Specifically, I am putting a bet on Amazon Glacier, which has extremely low storage costs - $0.01 per GB - and is one of the most reliable services Amazon runs. Glacier is a subset of Simple Storage Service (S3) which has had extraordinarily good availability in the 7-8 years it's been available. In addition Amazon regularly publishes information on the technology underpinning S3, see "Amazon Dynamo paper" for example.

I use Arq to back up photos to Glacier. It seems fairly stable, has software preferences for the right things, and I am encouraged that the author charges for the software, which means he/she has an incentive to continue developing the product and making sure that it works. This is $30 but this is still much, much cheaper than any other tool (iCloud for example would be $100 per year).

I have 52 GB of files, which means I'll pay roughly $7 per year to have 11 years of photos stored safely in the cloud. Not bad.

I would consider Tarsnap as well, which encrypts your data, but it's currently 2.5x the price of Glacier. I expect this price to decline soon.

Photo Management Software

The second piece is you need to choose a stable piece of software for viewing and managing your photos. This is orders of magnitude more risky than Glacier. The ideal piece of software would have:

  • An easy to understand file format, published online

  • Source code available online

  • Some support for grouping photos into albums and importing them from my phone/camera/whatever

  • Some sort of tool for auto-adjusting the layers on a photo, cropping it, editing the brightness/contrast. Not Lightroom, but enough to make a photo better than it was.

  • Supports hundreds of gigabytes of photos without falling over.

I haven't done as much research into this as with backup solutions, but there are a few tools. Picasa is supported by Google and relies on Google's charity to stay running and supported. Lightroom is very nice, but overshoots my needs, is very expensive, and Adobe may run out of money and fold within the next 30 years. This leaves iPhoto, which isn't well documented, or open source, but mostly works, some of the time, can crop/edit photos while saving the originals, and is a core component of Apple's Mac product, which may also die, when we all have tablets. At least iPhoto stores the files on disk.

If I was a better person, I'd manually arrange photos in files on my filesystem and use that. But I am not.
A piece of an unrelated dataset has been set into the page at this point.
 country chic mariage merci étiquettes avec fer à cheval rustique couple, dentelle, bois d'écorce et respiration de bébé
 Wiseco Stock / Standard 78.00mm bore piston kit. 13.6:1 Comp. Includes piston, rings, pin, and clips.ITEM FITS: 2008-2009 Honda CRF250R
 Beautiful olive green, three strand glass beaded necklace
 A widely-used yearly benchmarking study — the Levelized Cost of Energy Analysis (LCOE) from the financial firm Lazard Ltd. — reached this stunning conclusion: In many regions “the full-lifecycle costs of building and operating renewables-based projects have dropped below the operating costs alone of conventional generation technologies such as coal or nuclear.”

In this game it's a question of how paranoid you want to be, and how much your photos are worth to you. If they're worth a lot it's worth investing significant time and resources into redundant backup systems. Specifically, the 3-2-1 rule suggests storing backups in 3 different places, 2 different file systems (or photo management tools), with at least one offsite. For photos, backing up to CD's or tapes is not a terrible option though it's not very efficient and CD's also die. Using a 2nd photo management software solution, storing the data for that one on an external drive, and backing one of them up to Glacier every night is not a terrible idea.
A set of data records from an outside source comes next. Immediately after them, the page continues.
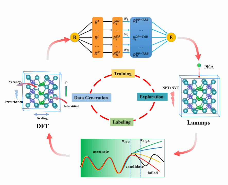 近日,世界杯官方网站入口2026周益春教授研究团队在HfO2铁电薄膜辐照效应领域取得突破。该研究采用深度学习与排斥表相结合的方法,开发了一种适用于HfO2铁电薄膜的势函数,将密度泛函理论(DFT)的高精度与分子动力学的高效性相结合,为HfO2铁电薄膜在辐照环境下的位移损伤研究提供了创新性的解决方案。
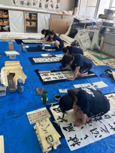 生徒は教員からの助言をよく聞き、仕上げに向け集中して筆を運んでいました。
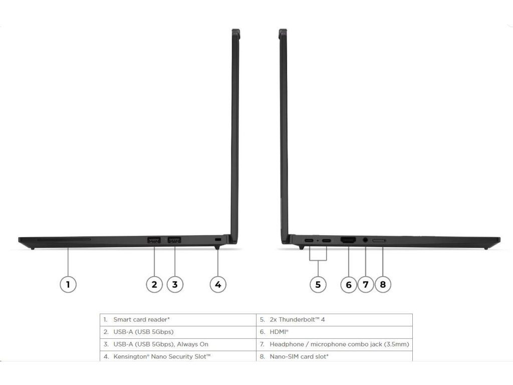 | Standartné porty | 1x USB-A (USB 5Gbps / USB 3.2 Gen 1) 1x USB-A (USB 5Gbps / USB 3.2 Gen 1), Always On 2x USB-C (Thunderbolt™ 4 / USB4 40Gbps), with USB PD 3.0 and DisplayPort™ 2.1 1x HDMI 2.1, up to 4K/60Hz 1x Headphone / microphone combo jack (3.5mm) |
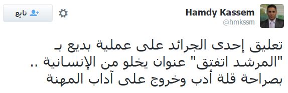 ووصف حمدي قاسم مانشت الأخبار بأنه “عنوان يخلو من الإنسانية”
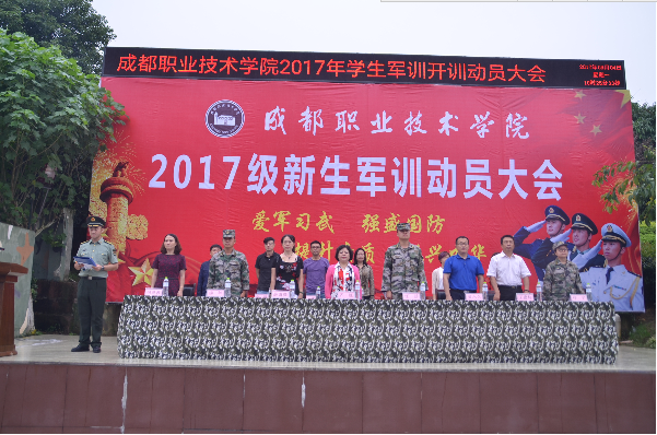 9月4日上午,学院2017级新生军训动员大会在成都市国防教育训练基地广场隆重举行。出席动员大会的领导有学院副院长齐虹,成都市国防教育训练基地军训团团长汪骄、参谋长杨坤、政治处主任叶宁,以及学院学生处处长薛潇潇、保卫处处长(武装部部长)罗兴伦、学院团委书记张帆等。大会由军训基地参谋王惠主持。
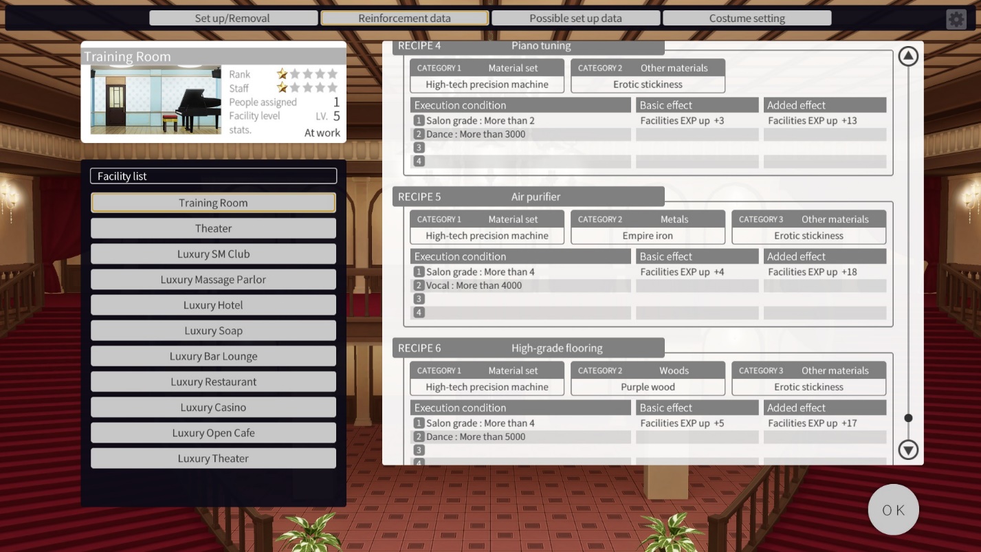 “Salon grade” refers to your club’s grade/star rating, which increases as you progress in the main story. “Elegance” is sometimes mentioned in upgrade prerequisites, but it’s simply another word for the “grace” stat. There’s not a whole lot to say about this, but I actually don’t really recommend buying up all the facility upgrade materials since having every option makes the actual upgrade process a bit more convoluted. Instead, consider buying the top one or two materials of each type from the CR shop, plus the materials from the casino. Later in the game, the most important stat in your facilities is going to be “Facilities EXP up.” Guest ratings (referred to as ranking in the mgmt menu) cap at 999, which will happen pretty easily once your club gets rolling. Moreover, once you start upgrading facilities to their luxury levels, income stops being an issue entirely (you might have noticed in one of my earlier screenshots an inane amount of CR, heh). I assume some people can and do eventually max each job class on each of their maids, but doing so would take a lot of time. Either way, job exp will usually be much more useful than reviews and income.
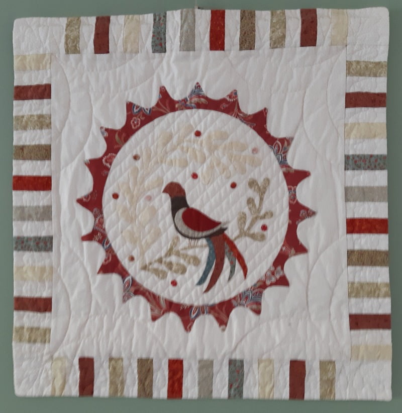 Maar nu kan ze quilten wanneer ze wil en wanneer ze er zin in heeft, ’s ochtends in de zon en in de tuin en ’s avonds tijdens een voetbalwedstrijd….

My photos are worth a lot to me, but I'm not going to go insanely overboard; if my hard drive dies, and Glacier loses my data, that would suck, but I'm willing to gamble on the one-in-a-million odds of them not both happening simultaneously.
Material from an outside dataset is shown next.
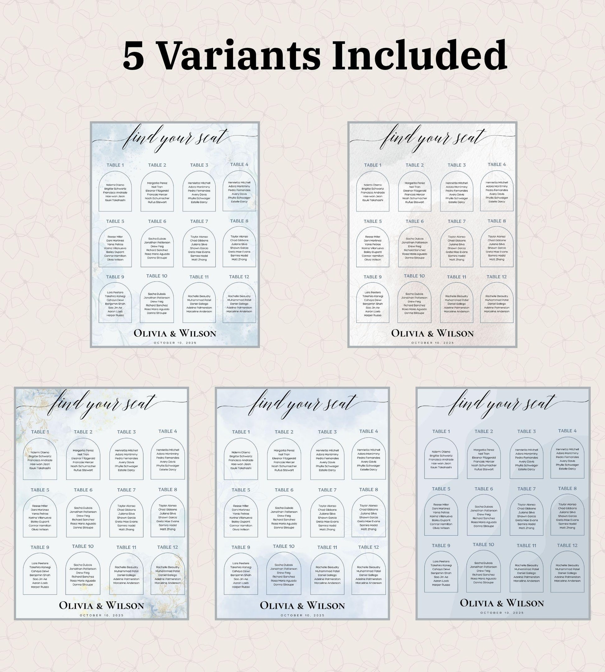 Effortlessly organize your big day with our editable Wedding Seating Chart Template, designed to suit every wedding style! This INSTANT DOWNLOAD Canva template includes 5 stunning background options — perfect for brides and grooms seeking personalized elegance.
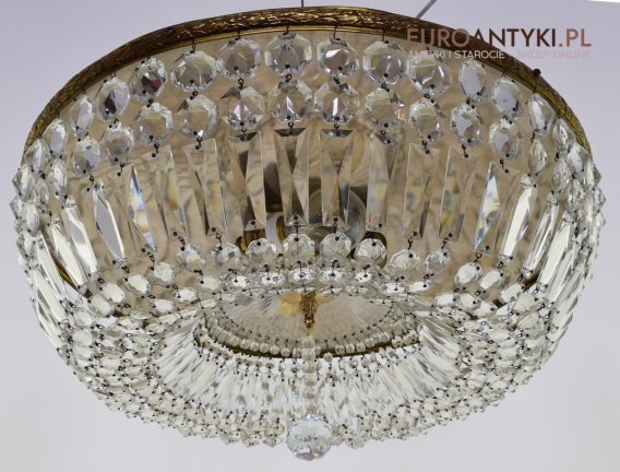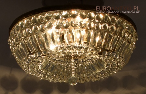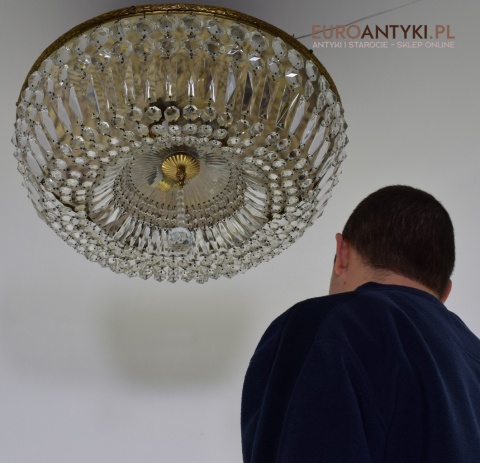 XXL! DUŻY kryształowy plafon z lat 1940. Antyczna plafoniera.

I am most worried about the management software; recently iPhoto decided I had no photos in my library and deleted all of the metadata for those photos (albums, rotation information, etc), leaving only the raw copies in my library. This was very sad, though I didn't lose the photos themselves, and might be able to recover the metadata if I am lucky. So yeah, I am not too happy with this. I now store important iPhoto databases in git, backed up to Bitbucket, so I can pull them back down in the event of another catastrophic failure.


This is too long already. Ensuring your photos aren't lost is difficult, and probably requires professional experience as a computer programmer to get right, or for you to part with a significant amount of money, or achieve a large amount of good luck, to avoid the bad things that happen to most people who just hope their photos stick around. I wish you the best of luck.